This project explores the relationship between economic growth, unemployment, tourism, crime, and research & development (R&D) investment using global datasets from the United Nations. By leveraging data wrangling, cleaning, and analytics techniques, we aimed to uncover potential correlations and causations between these socioeconomic factors. The study focuses on understanding how labor market conditions, tourism activity, and R&D expenditure influence crime rates and GDP across various regions and countries.
- Clone the repository:
git clone https://github.com/YourUsername/repository_name.git- Install UV
If you're a MacOS/Linux user type:
curl -LsSf https://astral.sh/uv/install.sh | shIf you're a Windows user open an Anaconda Powershell Prompt and type :
powershell -ExecutionPolicy ByPass -c "irm https://astral.sh/uv/install.ps1 | iex"- Create an environment
uv venv - Activate the environment
If you're a MacOS/Linux user type (if you're using a bash shell):
source ./venv/bin/activateIf you're a MacOS/Linux user type (if you're using a csh/tcsh shell):
source ./venv/bin/activate.cshIf you're a Windows user type:
.\venv\Scripts\activate- Install dependencies:
uv pip install -r requirements.txtThe dataset was compiled using multiple CSV files from the United Nations data repository (UN Data):
Unemployment & Labor Force: Provides country-wise data on employment rates, labor force participation, and unemployment.

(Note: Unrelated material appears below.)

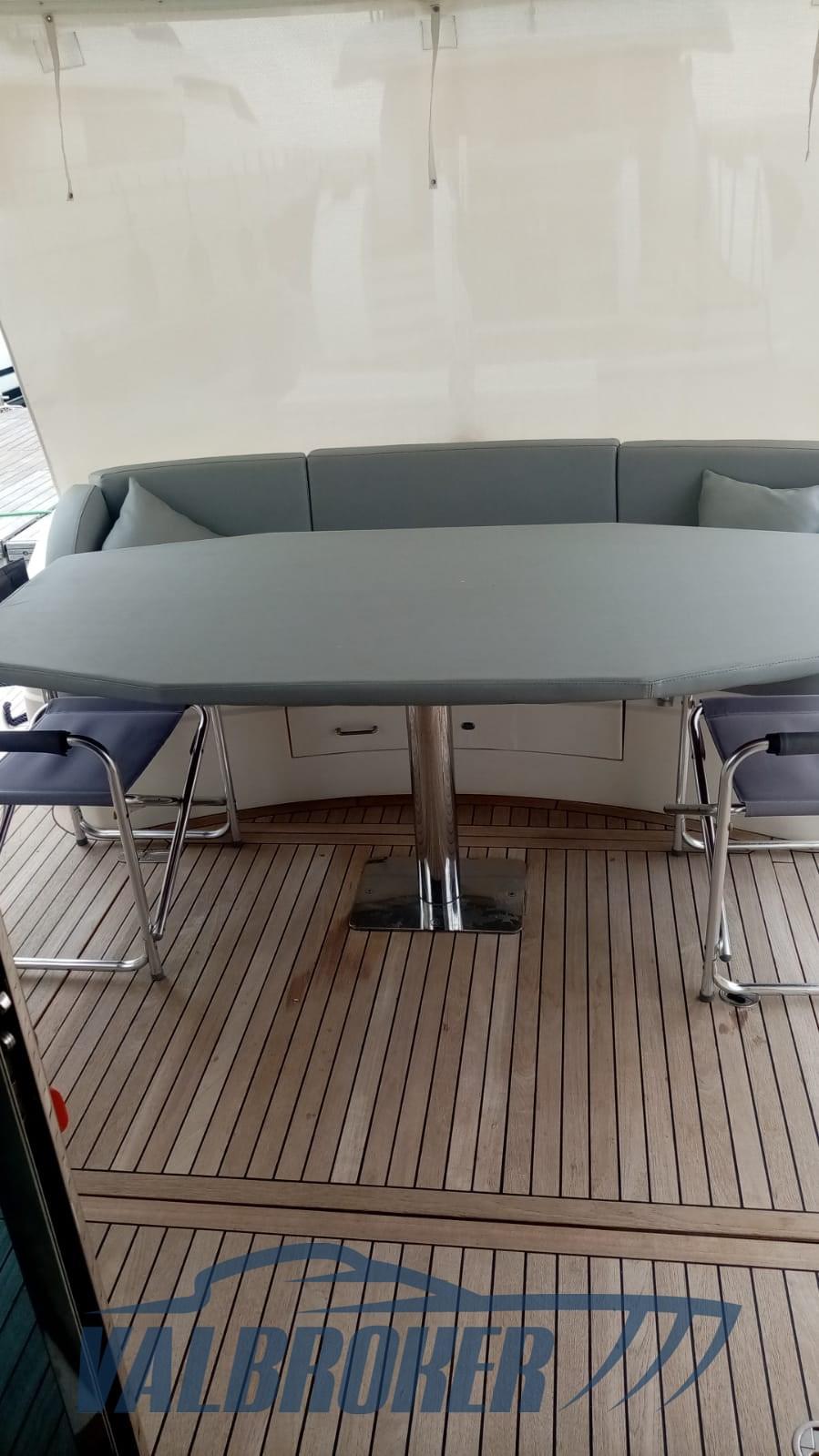 Eau sous pression, Passavant en teck, Chargeur de batterie (Mastervolt), 3 Propulseur d'étrave (sidepower, terza stazione comando in pozzetto), Phare de poursuite, Grue de flybridge (Besenzoni), Passerelle (TEAK, idraulica), Plateforme arrière (teak), Cockpit en teck (2022), table de cockpit (teak).
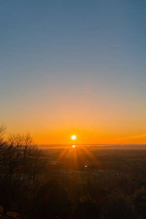 landscape sunset sunrise bright colors, beautiful sky with sun over silhouette of tree

Crime Data: Covers reported crime incidents per country, categorized by type (violent, property-related, etc.).
Tourism Statistics: Includes data on international arrivals, tourism revenue, and its economic contribution.
Research & Development (R&D) Expenditure: Details investment in innovation and technological development.
- During data preprocessing, we encountered the following issues:
- Inconsistent column formats: Different naming conventions across datasets.
- Incorrect and missing values: Presence of null or improperly formatted values.
- Incorrect headers: Some datasets had misaligned column headers.
- Irrelevant columns: Some columns were unnecessary for analysis.
- Cleaned column headers by replacing the spaces for "_" and making the letters in lower case format.
- Handled missing values by filling them with "0" or "N/A" where appropriate.
- Removed rows to show the correct column headers.
- Dropped irrelevant columns to streamline analysis.
- Standardized column headers (replacing spaces with underscores and converting to lowercase).
- Corrected misaligned headers by manually adjusting column placements.
- https://docs.google.com/presentation/d/1YlZzdETY-emjRir9cUDgWQ5Juu6fl1RqSZXtkhXkVtI/edit?usp=sharing
1.The project aimed to answer the following key research questions:
2.Does higher investment in R&D and an increase in tourism contribute to economic growth, thereby reducing unemployment and crime rates?
3.Is there a direct correlation between high unemployment rates and increased crime levels?
4.How does the labor market interact with crime trends over time?
- H1.Higher R&D investment and tourism contribute to economic growth, leading to lower unemployment and crime rates.
- H2.Higher rate of unemployment lead to higher number of crimes.
Our data analysis process involved:
- Data Wrangling & Cleaning: Preprocessed datasets to ensure consistency and accuracy.
- Exploratory Data Analysis (EDA): Used statistical analysis and visualizations to explore trends.
- Correlation Analysis: Measured relationships between GDP, unemployment, crime, tourism, and R&D investment.
- Hypothesis formation: Based on the data analysis proved the hypothesis as right or wrong.
- Interpretation & Insights: Derived conclusions based on observed trends and statistical significance.
- Tourism and GDP Growth: Countries with higher tourism revenues showed stronger economic stability and lower unemployment rates.
- Unemployment and Crime: A clear correlation was observed between rising unemployment rates and increased crime incidents, particularly in economically unstable regions.
- R&D and Economic Growth: Nations with higher R&D investments exhibited better economic resilience and lower crime rates.
- Regional Differences: The relationship between these factors varied significantly across continents due to policy differences, governance quality, and social conditions.
Our analysis largely supported the initial hypotheses. While economic growth driven by tourism and R&D investment was associated with lower unemployment and crime rates, the extent of these relationships varied by country and region. The findings highlight the importance of policy interventions that promote economic stability and labor market improvements to curb crime rates globally.
- Expanding the dataset to include more years for a longitudinal analysis.
- Investigating additional socioeconomic factors such as education levels and healthcare access.